As to the control group (C3), significant differences were found between it and C1, on all measures (p<.0001). The results suggested that when not being exposed to any primes, users tended to have more positive attitudes (with higher ratings) on the target system, compared with being primed by an easy-to-use system. However, no significant differences were found between the control group (C3) and the group primed by the difficult-to-use system (C2). Overall, these findings could suggest that an easy prime might lead to a significant amount of influence on how users perceive a subsequent system (the target), and most likely in a negative way; however, a difficult prime does not seem to provide such a strong level of influence. In other words, this may indicate that an easy-to-use system could have a significant priming effect on participants’ perception of the target system (C1 vs. C3 comparison), whereas a difficult-to-use system could not (C2 vs. C3 comparison).
This result might be because that when first exposed to an easy prime, users may feel comfortable and satisfied with it, resulting in less motivation to change to the target system. Thus, when they are asked to switch to the target system, they may be reluctant and treat the second system less valuable. On the contrary, the non-significant comparison result on C2 vs. C3 may suggest that when users are first exposed to a difficult prime, they tend to treat the subsequent system in a more objective manner (with consistent and comparable results to the control group in which users are not exposed to any prime). As to the non-significant priming effect of the difficult-to-use system, it may be because that although the search function of the system is difficult to use (users need to spend significantly more time in using it to conduct search tasks), it is effective enough (with the same level of accuracy as associated with the use of the easy-to-use system) for the users to complete the search tasks. Therefore, users may be satisfied with its overall performance, thus leading to a relatively unbiased perception of the subsequent system. To further validate this possible explanation, future research may compare two types of difficult-to-use systems, with one being effective and the other being ineffective (meaning that users’ task performance accuracy associated with it is significantly lower).

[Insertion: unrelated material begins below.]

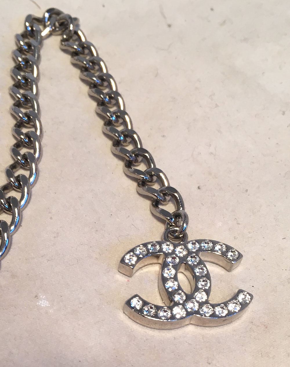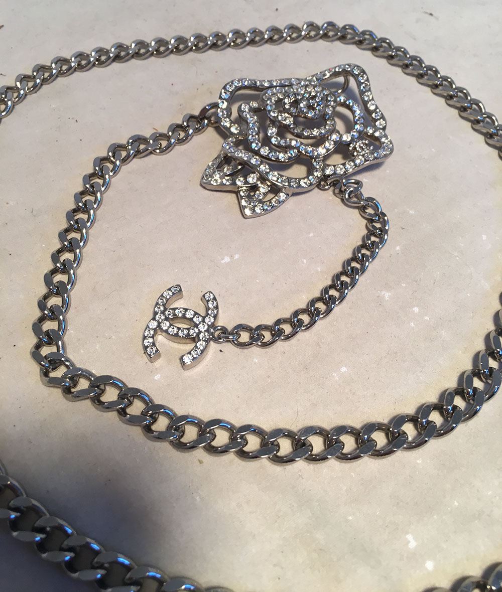 GORGEOUS Chanel Silver Chain Rhinestone Camellia Flower Belt Necklace in excellent condition. Silver link chain with rhinestone embellished Camellia flower detail and CC logo rhinestone charms at both ends of chain. Can be worn as a belt or necklace to suit a variety of styles and preferences. As a necklace it can be worn singled and long or wrapped to create layers and various lengths. No scratches, scuffs, or missing rhinestones. A wonderful piece for Chanel lovers and jewelry collectors alike. Camellia measures: 2.5"x2.25" Chain length hook to loop=33.5" / end to end=40"#Bags1177

Discussion and future research suggestions
This study makes several contributions. First, we empirically investigated the priming effect in the context of intellectual property search systems, which has not been seen in existing literature. To do it, a laboratory experiment was conducted with three conditions, including: users who were primed by an easy-to-use system (C1), primed by a difficult-to-use system (C2), and without any primes (C3). Detailed comparisons were conducted across the three conditions on user perceptions of a target system on a group of measures (including task-technology fit, performance expectancy, effort expectancy, facilitating conditions, behavioural intention, satisfaction, and frustration level). Significant differences were found between C1 and C2, indicating the existence of the priming effect. We also found out that users primed by the difficult-to-use system rated the target system significantly higher (reversely on frustration level) compared with those primed by the easy-to-use system. Comparisons to the control group showed that an easy prime could significantly influence user perceptions on the target system and in a negative way. Overall, this study contributes to the literature by validating the existence of the priming effect in the context of intellectual property search systems and identifying some details on how the priming systems could influence user perceptions on the target system.

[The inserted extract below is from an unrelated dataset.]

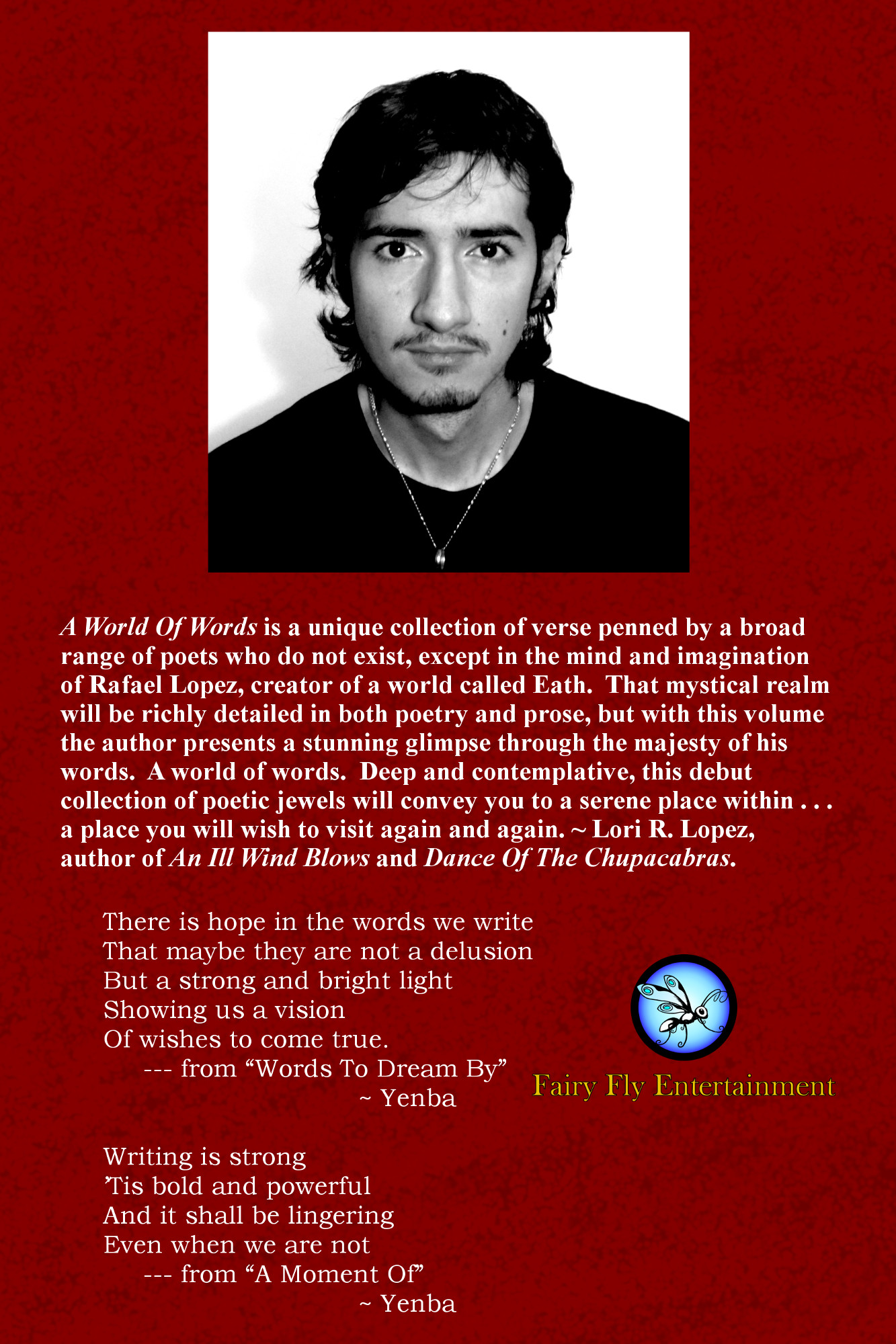 This is like no other poetry book I've read. Rafael takes you on a wondrous journey into his imagination, a spectacular place, to say the least. He paints a picture of a world that rivals the ones depicted in J.R.R.Tolkiens masterpieces, The Lord of The Rings and The Hobbit. Please do not misunderstand what I mean, it is not a knock off, but equal in lustrous mystical quality. His descriptive writing is superb. His charater's are well versed, orignal and interesting. I highly recommend Rafael Lopez's book of poetry 'A World Of Words'. It's worth every second of your time. Also a must read by Rafael are, 'OPON-HUL' and 'Ere The Dark Dirt', from the LASTENBERG tales. Rafael is a briliant young man and author.”

The second contribution of this study is the way of setting up the primes. Previous research on investigating the priming effect mainly utilized certain visual objects in different types and formats as the primes, such as numbers and symbols (Pinder et al., 2018), words (Pinder et al., 2017), identity information (Heyselaar et al., 2017), short descriptions (Li et al., 2015), images (D’Errico et al., 2019; Ragot et al., 2020; Valdez et al., 2018), and 3-D visual objects (Bhagwatwar et al., 2013). A few of them utilised more complex ones that users needed to actively participate, with the requirement of either physical movement (Hoff et al., 2016) or mental processing (Dennis et al., 2013). Different from them, the primes used in this study are a type of advanced information systems, particularly intellectual property search systems, and users need to actually use them to complete related tasks. Specifically, users were asked to use the priming system first, followed by the target system, in order to investigate whether and how their priming system usage experience could influence their perceptions of the target system. In addition, to better understand how the priming system could influence user attitude, we utilized two primes in this study, which varied significantly at the level of ease of use associated with them, including an easy prime (i.e., a system that was generally believed to be easy to use) and a difficult prime (i.e., a system that was generally believed to be difficult to use). Validation tests were conducted to make sure the two systems used as the primes were appropriate.

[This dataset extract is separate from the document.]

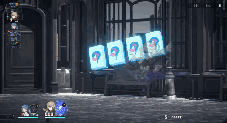 我方目标行动开始前,青雀会随机抽取1张可能是【万字】、【文钱】、【索子】的琼玉牌,最多持有4张。青雀回合开始时,若持有的琼玉牌数为4且花色相同,青雀消耗所有琼玉牌进入【暗杠】,自身攻击力提高36%/36%/29%/43%/46%/50%/54%,并强化普攻。【暗杠】会在施放强化普攻后结束。
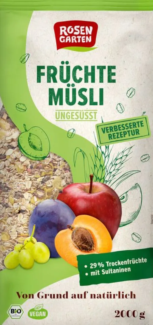 Früchte-Müsli ungesüßt, 2000g – Rosengarten

There are several limitations of this study that future research could further address. First, since this is one of the first studies examining the priming effect in the context of intellectual property search systems, and particularly using this type of systems as the primes, there is not enough support from existing literature for us to develop specific hypotheses (such as whether priming in this context is clearly a natural phenomenon or surprising cognitive bias). The present study is explorative in nature. Future research could extend the current work to focus on identifying the related psychological explanations and develop specific hypotheses for testing. Another limitation is the unbalanced time spans on system use across the three conditions. In both C1 and C2, participants needed to use two systems, making it likely for them to spend longer time to complete the experiment, compared with those in C3 who used only one system. Although all participants across all three conditions could complete the entire experiment within an hour, and we did not hear any complains about the length of the experiment from any participants, it would be better if the time needed to complete the experiment in all conditions could be equally long.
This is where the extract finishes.